→ EXERCISE GOAL
Without altering a single word, repeat the records that follow.

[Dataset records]
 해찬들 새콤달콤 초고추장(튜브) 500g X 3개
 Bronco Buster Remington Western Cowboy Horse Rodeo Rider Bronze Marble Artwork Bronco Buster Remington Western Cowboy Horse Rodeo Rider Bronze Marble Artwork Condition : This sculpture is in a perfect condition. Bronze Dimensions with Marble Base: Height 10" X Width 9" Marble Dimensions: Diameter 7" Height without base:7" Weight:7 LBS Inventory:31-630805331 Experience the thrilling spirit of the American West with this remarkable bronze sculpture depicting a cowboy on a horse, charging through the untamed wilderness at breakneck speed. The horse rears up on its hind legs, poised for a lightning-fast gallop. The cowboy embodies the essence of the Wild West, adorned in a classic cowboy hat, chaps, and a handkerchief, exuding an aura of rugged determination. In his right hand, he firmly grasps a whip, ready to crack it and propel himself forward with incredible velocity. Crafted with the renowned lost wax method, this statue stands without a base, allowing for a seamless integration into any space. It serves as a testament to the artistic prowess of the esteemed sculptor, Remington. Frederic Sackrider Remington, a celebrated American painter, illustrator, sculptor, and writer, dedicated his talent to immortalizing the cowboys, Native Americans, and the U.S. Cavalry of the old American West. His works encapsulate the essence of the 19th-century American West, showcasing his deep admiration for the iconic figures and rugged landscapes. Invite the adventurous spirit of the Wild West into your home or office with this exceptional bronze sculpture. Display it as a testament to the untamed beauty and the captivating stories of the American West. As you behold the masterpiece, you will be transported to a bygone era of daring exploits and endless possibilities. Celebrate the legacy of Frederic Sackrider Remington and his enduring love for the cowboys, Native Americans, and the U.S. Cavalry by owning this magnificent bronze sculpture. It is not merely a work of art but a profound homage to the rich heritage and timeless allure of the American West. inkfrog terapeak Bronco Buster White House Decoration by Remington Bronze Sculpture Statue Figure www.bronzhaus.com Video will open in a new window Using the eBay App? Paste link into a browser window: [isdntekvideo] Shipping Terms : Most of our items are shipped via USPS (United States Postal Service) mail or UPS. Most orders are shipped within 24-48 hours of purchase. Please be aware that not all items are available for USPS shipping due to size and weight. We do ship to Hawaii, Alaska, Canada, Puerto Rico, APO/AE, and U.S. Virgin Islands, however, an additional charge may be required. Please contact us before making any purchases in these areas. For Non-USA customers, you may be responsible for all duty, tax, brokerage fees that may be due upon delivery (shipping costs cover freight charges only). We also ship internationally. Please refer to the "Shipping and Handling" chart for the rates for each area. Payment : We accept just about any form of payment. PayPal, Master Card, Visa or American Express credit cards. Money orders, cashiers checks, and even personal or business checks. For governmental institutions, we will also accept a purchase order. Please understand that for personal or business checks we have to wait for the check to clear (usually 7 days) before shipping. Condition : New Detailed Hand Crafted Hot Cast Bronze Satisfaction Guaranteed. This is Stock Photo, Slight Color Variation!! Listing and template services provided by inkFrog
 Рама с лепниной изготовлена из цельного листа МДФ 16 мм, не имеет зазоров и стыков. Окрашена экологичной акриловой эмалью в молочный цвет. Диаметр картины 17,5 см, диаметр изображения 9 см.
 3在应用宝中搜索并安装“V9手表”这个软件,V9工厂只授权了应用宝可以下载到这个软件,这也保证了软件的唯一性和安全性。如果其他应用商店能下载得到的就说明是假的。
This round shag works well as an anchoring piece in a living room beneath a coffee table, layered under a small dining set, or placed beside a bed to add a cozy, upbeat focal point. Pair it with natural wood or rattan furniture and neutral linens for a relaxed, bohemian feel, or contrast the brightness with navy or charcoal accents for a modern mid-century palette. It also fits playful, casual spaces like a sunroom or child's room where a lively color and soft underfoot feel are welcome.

→ EXERCISE ANSWER
 해찬들 새콤달콤 초고추장(튜브) 500g X 3개
 Bronco Buster Remington Western Cowboy Horse Rodeo Rider Bronze Marble Artwork Bronco Buster Remington Western Cowboy Horse Rodeo Rider Bronze Marble Artwork Condition : This sculpture is in a perfect condition. Bronze Dimensions with Marble Base: Height 10" X Width 9" Marble Dimensions: Diameter 7" Height without base:7" Weight:7 LBS Inventory:31-630805331 Experience the thrilling spirit of the American West with this remarkable bronze sculpture depicting a cowboy on a horse, charging through the untamed wilderness at breakneck speed. The horse rears up on its hind legs, poised for a lightning-fast gallop. The cowboy embodies the essence of the Wild West, adorned in a classic cowboy hat, chaps, and a handkerchief, exuding an aura of rugged determination. In his right hand, he firmly grasps a whip, ready to crack it and propel himself forward with incredible velocity. Crafted with the renowned lost wax method, this statue stands without a base, allowing for a seamless integration into any space. It serves as a testament to the artistic prowess of the esteemed sculptor, Remington. Frederic Sackrider Remington, a celebrated American painter, illustrator, sculptor, and writer, dedicated his talent to immortalizing the cowboys, Native Americans, and the U.S. Cavalry of the old American West. His works encapsulate the essence of the 19th-century American West, showcasing his deep admiration for the iconic figures and rugged landscapes. Invite the adventurous spirit of the Wild West into your home or office with this exceptional bronze sculpture. Display it as a testament to the untamed beauty and the captivating stories of the American West. As you behold the masterpiece, you will be transported to a bygone era of daring exploits and endless possibilities. Celebrate the legacy of Frederic Sackrider Remington and his enduring love for the cowboys, Native Americans, and the U.S. Cavalry by owning this magnificent bronze sculpture. It is not merely a work of art but a profound homage to the rich heritage and timeless allure of the American West. inkfrog terapeak Bronco Buster White House Decoration by Remington Bronze Sculpture Statue Figure www.bronzhaus.com Video will open in a new window Using the eBay App? Paste link into a browser window: [isdntekvideo] Shipping Terms : Most of our items are shipped via USPS (United States Postal Service) mail or UPS. Most orders are shipped within 24-48 hours of purchase. Please be aware that not all items are available for USPS shipping due to size and weight. We do ship to Hawaii, Alaska, Canada, Puerto Rico, APO/AE, and U.S. Virgin Islands, however, an additional charge may be required. Please contact us before making any purchases in these areas. For Non-USA customers, you may be responsible for all duty, tax, brokerage fees that may be due upon delivery (shipping costs cover freight charges only). We also ship internationally. Please refer to the "Shipping and Handling" chart for the rates for each area. Payment : We accept just about any form of payment. PayPal, Master Card, Visa or American Express credit cards. Money orders, cashiers checks, and even personal or business checks. For governmental institutions, we will also accept a purchase order. Please understand that for personal or business checks we have to wait for the check to clear (usually 7 days) before shipping. Condition : New Detailed Hand Crafted Hot Cast Bronze Satisfaction Guaranteed. This is Stock Photo, Slight Color Variation!! Listing and template services provided by inkFrog
 Рама с лепниной изготовлена из цельного листа МДФ 16 мм, не имеет зазоров и стыков. Окрашена экологичной акриловой эмалью в молочный цвет. Диаметр картины 17,5 см, диаметр изображения 9 см.
 3在应用宝中搜索并安装“V9手表”这个软件,V9工厂只授权了应用宝可以下载到这个软件,这也保证了软件的唯一性和安全性。如果其他应用商店能下载得到的就说明是假的。
This round shag works well as an anchoring piece in a living room beneath a coffee table, layered under a small dining set, or placed beside a bed to add a cozy, upbeat focal point. Pair it with natural wood or rattan furniture and neutral linens for a relaxed, bohemian feel, or contrast the brightness with navy or charcoal accents for a modern mid-century palette. It also fits playful, casual spaces like a sunroom or child's room where a lively color and soft underfoot feel are welcome.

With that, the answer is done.